Sustainability is an important concern for grocers. How does the choice of lift trucks and providers factor into retailers’ green initiatives?
I encourage retailers to look beyond the impact of operating the lift truck or other equipment when evaluating sustainability. They should also look into the manufacturing process. The real question is whether the goal is to have equipment that is green in terms of operation or is the objective to reduce the retailer’s overall carbon footprint.
There may be options that are better for the environment in terms of operation but the manufacturing process causes significant harm. It is a matter of what fits into the retailer’s sustainability plans.

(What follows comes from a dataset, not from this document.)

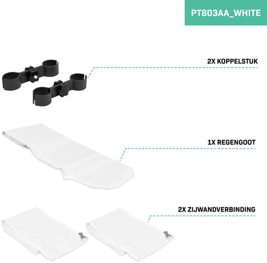 Wollen Sie Ihre Partylocation mit zusätzlichen Zelten erweitern? Nutzen Sie das VONROC-Kopplungssystem! Mit diesem System können Sie ganz einfach zwei Partyzelte miteinander verbinden und so ein stabiles und wetterfestes XL-Vordach schaffen. Das Set besteht aus zwei Verbindern für eine solide Verbindung der Zeltstrukturen, einer Regenrinne für eine effiziente Wasserableitung und zwei Seitenwandverbindern für eine nahtlose, wasser- und winddichte Verbindung der (optionalen) Seitenwände. Kurz gesagt, dieses Set hält Ihre Zelte fest zusammen und sorgt für einen trockenen Durchgang zwischen den Zelten. Ideal für größere Feste, Märkte oder Veranstaltungen!
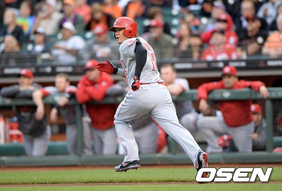 23일(한국시간) 미국 캘리포니아주 샌프란시스코에서 열린 2013 메이저리그 샌프란시스코 자이언츠와 신시내티 레즈의 경기, 1회초 무사에서 신시내티 추신수가 좌전 2루타를 치고 그라운드를 달리고 있다.

What support does Yale offer in the way of training and safety?
Our program, Yale Operator Training: The Key to Productivity, is designed to increase safety, motivation and productivity. The program helps to protect personnel, loads and equipment. This satisfies OSHA requirements, which is important, but it also goes beyond those needs.

The program reflects Industry Truck Association recommendations and incorporates modern training methods and many suggestions by trainers and safety directors.

In addition, our operator training program can be tailored to the needs of individual organizations.

With such a range of options—electric, gas, LP-gas and diesel powered lift trucks, narrow aisle, very narrow aisle and motorized hand trucks—how does a grocer make the best choice for their particular needs?
Each of these options has appropriate applications. With all lift trucks there are tradeoffs. As an example, narrow aisle (NA) and very narrow aisle (VNA) equipment satisfies the need for high density environments but, because of the specific nature of NA and VNA equipment, there is always a need for general use equipment such as three- and four-wheel electric and internal combustion trucks.

As a manufacturer, it is our job to come up with the right mix of equipment for each facility. We ask customers what are the things that keep them up at night and devise a strategy to address those concerns.

Ultimately, retailers need the right equipment in their warehouses, as they cannot afford to have product sitting there for a period of time. They are not making money on product that is sitting in the distribution center.

Yale offers a fleet management option. What is the advantage to supermarket operators?
The fleet management option is especially important for supermarkets. Many have limited equipment at the store and often it has to be used at critical moments when there is a delivery that needs to be off-loaded right away. If there is a delivery early in the morning and the lift truck or pallet jack isn’t working, they need someone to call right now.

At another level, supermarkets are focused on how to control damage to product and damage to equipment. Regular maintenance and high-functioning equipment can help ensure uptime.

What can grocers expect from lift trucks going forward?
Looking to the future, there will be further efforts to tie in lift trucks and other equipment to warehouse management systems to make the entire operation as robust and foolproof as possible.